Sex Change: Physically Impossible, Psychosocially Unhelpful, and Philosophically Misguided

Mar 6, 2018 by

by Ryan T Anderson, Public Discourse:

Modern medicine can’t reassign sex physically, and attempting to do so doesn’t produce good outcomes psychosocially. Here is the evidence.

Contrary to the claims of activists, sex isn’t “assigned” at birth—and that’s why it can’t be “reassigned.” As I explain in my book When Harry Became Sally: Responding to the Transgender Moment, sex is a bodily reality that can be recognized well before birth with ultrasound imaging. The sex of an organism is defined and identified by the way in which it (he or she) is organized for sexual reproduction.

This is just one manifestation of the fact that natural organization is “the defining feature of an organism,” as neuroscientist Maureen Condic and her philosopher brother Samuel Condic explain. In organisms, “the various parts … are organized to cooperatively interact for the welfare of the entity as a whole. Organisms can exist at various levels, from microscopic single cells to sperm whales weighing many tons, yet they are all characterized by the integrated function of parts for the sake of the whole.”
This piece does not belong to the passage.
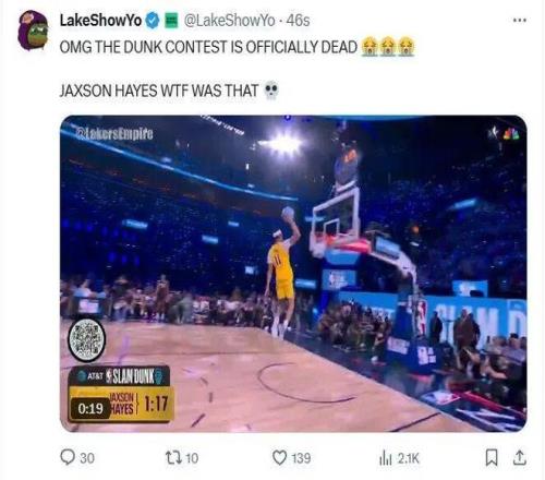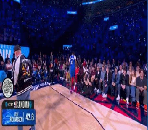 我以為 約翰遜要扣一個(gè)驚天動(dòng)地的,結(jié)果他竟然致敬海斯,扣了個(gè)拉在地上的,47.8分,47分都是給他的舞蹈的。

Male and female organisms have different parts that are functionally integrated for the sake of their whole, and for the sake of a larger whole—their sexual union and reproduction. So an organism’s sex—as male or female—is identified by its organization for sexually reproductive acts. Sex as a status—male or female—is a recognition of the organization of a body that can engage in sex as an act.

That organization isn’t just the best way to figure out which sex you are; it’s the only way to make sense of the concepts of male and female at all. What else could “maleness” or “femaleness” even refer to, if not your basic physical capacity for one of two functions in sexual reproduction?